Could Have Been a Nice Painting—

Without That God Awful Stain

Morée—1916

“It could’ve been beautiful—if not for that stain.”

That’s what most people say.

But was the stain a flaw or something else entirely?

Not damage. A decision.
Not an accident—but sabotage.

This site investigates:

  • Why the stain doesn’t behave like typical water damage

  • How it was made—or so we believe: a veiled ink wash,
    al
    cohol for removal, and gravity.

  • And what it reveals about the pearls, the signature, and the
    whole twisted logic of
    Morée.

    Even setting aside the stain, Morée holds historical weight

    for its conceptual treatment of glamour, its visual echoes, and
    its strange, early use of authorial concealment.

The Connection That Started It All

Compelling Evidence For A Picabia Connection

What if the first truly radical gestures of Dada didn’t emerge from Zurich or Paris—but from a single, anonymous painting made in New York in 1916?

Morée is unlike anything else from the period. Its veiled drips, scraped signature, and corrosive treatment of glamour aren’t decorative—they’re destructive. In this single work, six conceptual moves appear for the first time: gestures that would later define the language of Visual Dada.

Just months later, Picabia paints Jeanne Marie Bourgeois. It mirrors Morée so precisely—down to the drips—cancelled with finger painted-swipes and stylized decay—that it’s hard to imagine it wasn’t based on direct exposure. This is not influence at a distance.

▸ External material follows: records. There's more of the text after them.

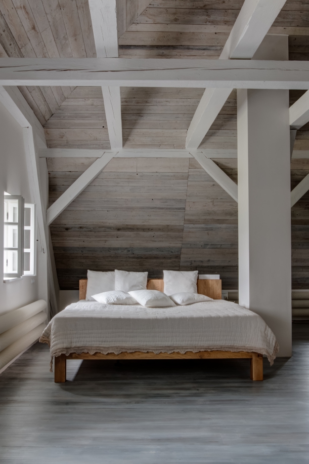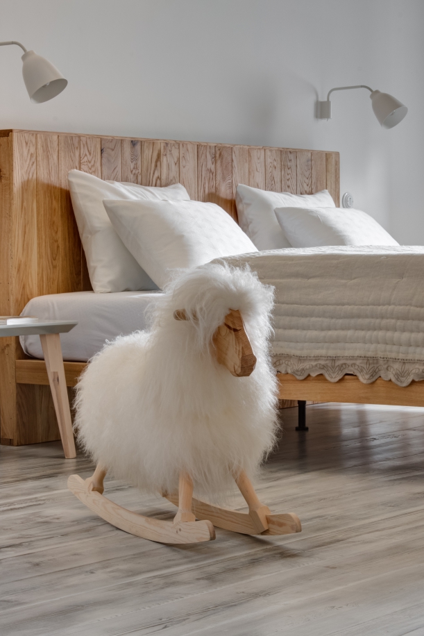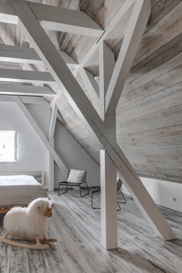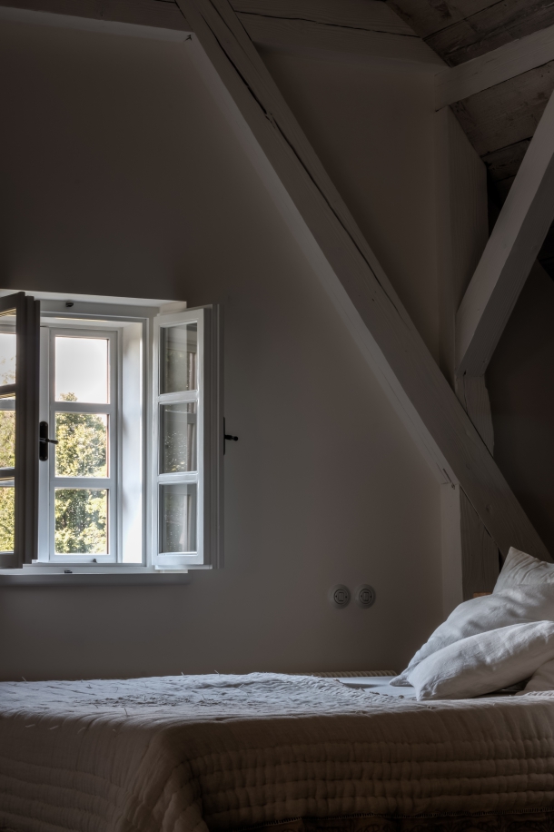 Ostatní ložnice se nacházejí v podkroví. Pokoj Dcera se pyšní krásnými detaily bílého trámoví. Má 36 metrů čtverečních a jde o nejmenší a nejútulnější pokoj hotelu. Další pokoj má 44 metrů čtverečních a jmenuje se Syn. Nabízí skrytou alkovnu pro spaní i odpočinek. A naopoak největším pokojem, který má bezmála 70 metrů čtverečních, je suita s názvem Rodiče, která je jakýmsi domem v domě. Nabízí i vlastní obývací část s alkovnou a opět nechybí kouzelné výhledy na okolní krajinu.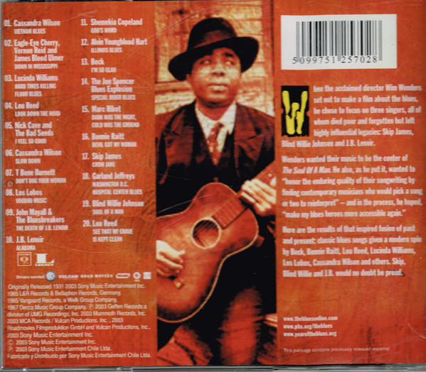| Produced: Wim Wenders/Alex Gibney A&R Direction: Steve Berkowitz/Jerry Rappaport Mastered: Joseph M. Palmaccio at Sony Music Studios, New York City 01. Cassandra Wilson – Vietnam Blues 02. Eagle-Eye Cherry, Vernon Reid and James Blood Ulmer – Down In Mississippi 03. Lucinda Williams – Hard Times Killing Floor Blues 04. Lou Reed – Look Down The Road 05. Nick Cave and The Bad Seeds – I Feel So Good 06. Cassandra Wilson – Vietnam Blues 07. T Bone Burnett – Don’t Dog Your Woman 08. Los Lobos – Voodoo Music 09. John Mayall & The Bluesbreakers – The Death Of J.B. Lenoir 10. J. B. Lenoir – Alabama 11. Shemekia Copeland – God’s Word 12. Alvin Youngblood Hart – Illinois Blues 13. Beck – I’m So Glad 14. The Jon Spencer Blues Explosion – Special Rider Blues 15. Marc Ribot – Dark Was The Night, Cold Was The Ground 16. Bonnie Raitt – Devil Got My Woman 17. Skip James – Crow Jane 18. Garland Jefferys – Washington D.C. Hospital Center Blues 19. Blind Willie – Johnson – Soul Of A Man 20. Lou Reed – See That My Grave Is Kept Clean |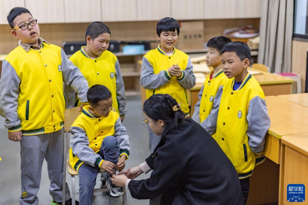 10月30日,在重慶市特殊教育中心的教室內,一名二年級的視力障礙學生在老師指導下學習繫鞋帶。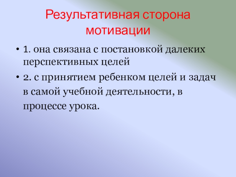 принятием ребенком целей и задач в самой учебной деятельности, в процессе урока.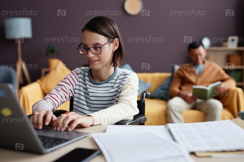 Улыбающаяся девочка-подросток с инвалидностью использует компьютер дома, изучая онлайн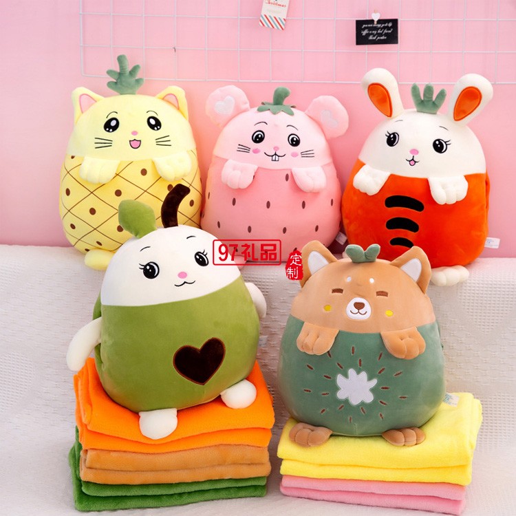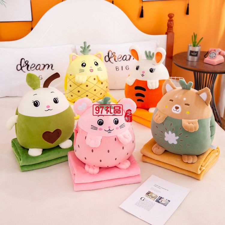 新款水果三合一抱枕被子沙發(fā)靠墊空調(diào)被兒童午睡毯子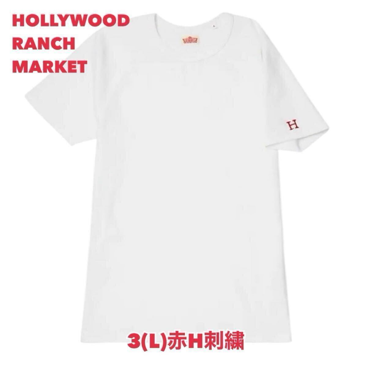 > 新品未使用★サイズ3(L)★ハリウッドランチマーケット★ストレッチフライス クルーネック半袖Tシャツ ホワイト (赤H刺しゅう) H-59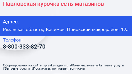 Павловская курочка, сеть магазинов по адресу Рязанская область, Касимов, Приокский микрорайон, 12а в дальнейшем Организация, размещена в следующих категориях: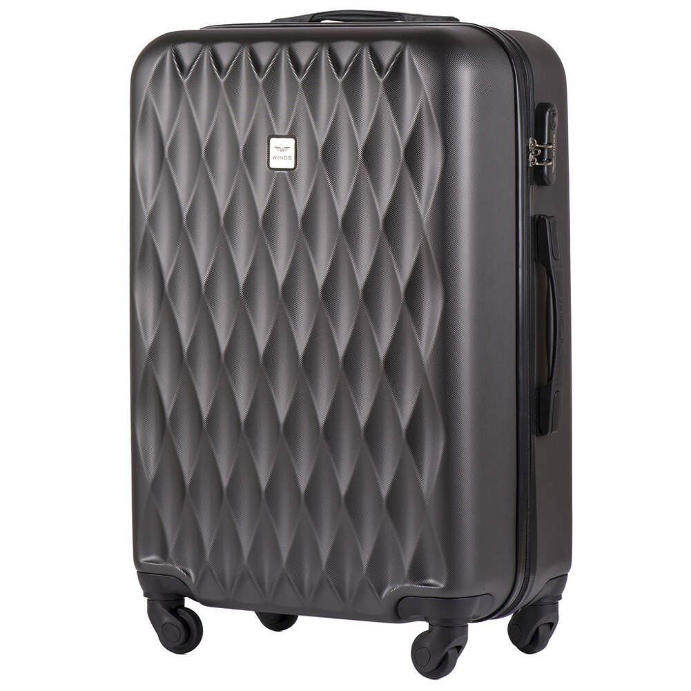 Nowoczesny, lekki model wykonany z bardzo wytrzymałego i odpornego na zarysowanie ABS-u, z dwupoziomową teleskopową rączką. Zewnętrzne, przyjemne w dotyku gumowe uchwyty oraz zamek szyfrowy uniemożliwiający dostanie się do wnętrza osobom niepożądanym. Trwały, duraluminiowy stelaż wbudowany w walizkę. Wyposażony w cztery, obrotowe kauczukowo-gumowe kółka, które zapewniają stabilność oraz lekkość prowadzenia w dowolnym kierunku. Wnętrze w ciemnym sygnowanym kolorze dzielone zamkiem błyskawicznym na dwie funkcjonalne komory.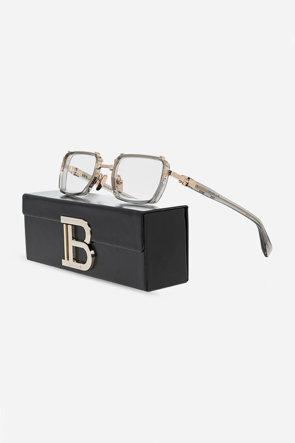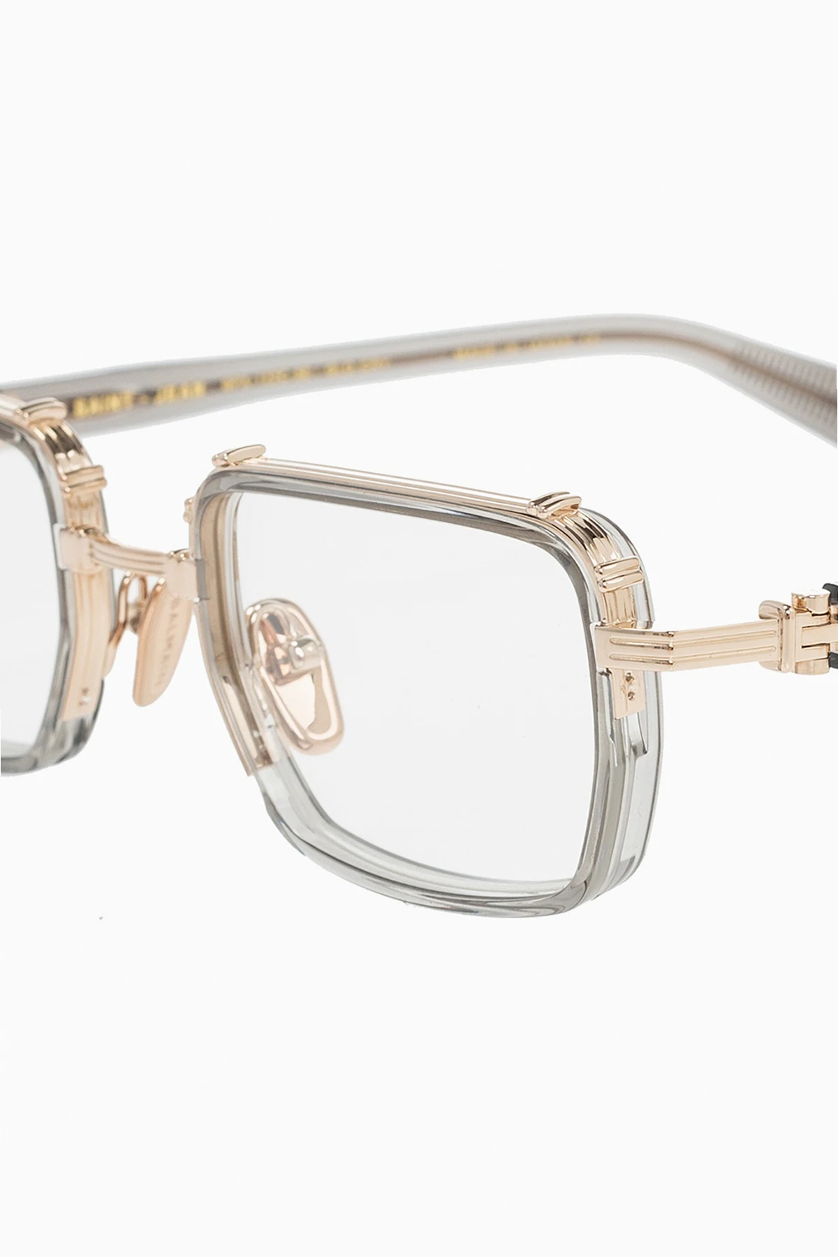 Gold-tone and transparent grey optical glasses from Balmain. Enriched by logo detailing, this pair comes with a silver-tone branded leather case.
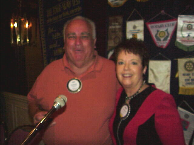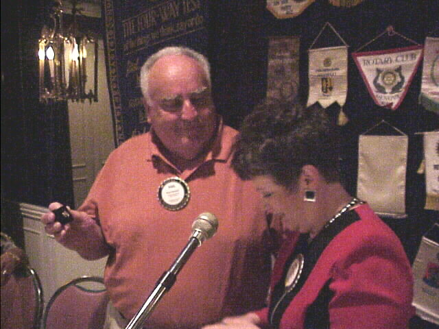 To end the old year, new president, Angie Hassler presents the Past President's pin and a plaque to outgoing President, Paul Venezio.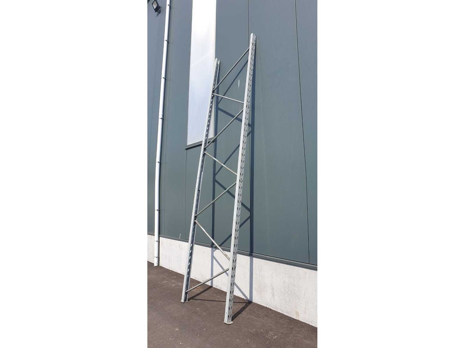- Extra info: In deze opstelling: 3 grijze staanders, 450cm hoog, 105cm diep (buitenmaat), 95cm diep (binnenmaat) 12 oranje liggers, 270cm lang Draagvermogen per pallet: 800kg Draagvermogen per niveau: 2400kg (3 paletten breed) Nee Merk: ELECTROLUX Type: C12 Aantal secties: 2 Sectie afm. b: 270mm Sectie diepte: 105mm Sectie afm. h: 450mm Aantal staanders: 3 Aantal liggers: 12 Materiaal: metaal Totale afmeting L: 540cm Totale afmeting Breedte: 105cm Totale afmeting Hoogte: 450cm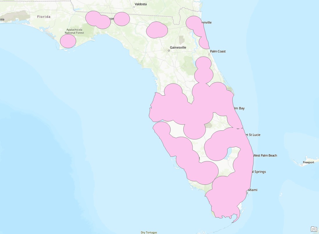 Description: <DIV STYLE="text-align:Left;"><DIV><DIV><P><SPAN>Wood stork core foraging areas for active nesting colonies in Florida, dissolved to minimize polygons. Active includes nested within FL 2010-2019.</SPAN></P></DIV></DIV></DIV>

It’s citation.

Together, the two works mark the beginning of a deeper, coded lineage—one that bypassed manifestos and movements in favor of quiet visual sabotage, passed hand to hand through those who knew.

A Painting With Hidden Authority

Morée doesn’t announce itself.
It’s signed anonymously. It doesn’t explain itself.
It doesn’t need to.
Its methods are so deliberate—its attack too
precise—to be guessed.

Whoever made Morée didn’t need to shout.

Have You Ever Seen a Painting Cry?

Morée is a unique creation.
Its surface weeps downward—gravity dragging beauty into collapse.
The drips aren’t painted; they’re trails—
trails not of expression, but erosion.
Not gesture, but undoing.
In 1916, no one was painting like this.
But someone made a painting cry—
for the first, and possibly the only time.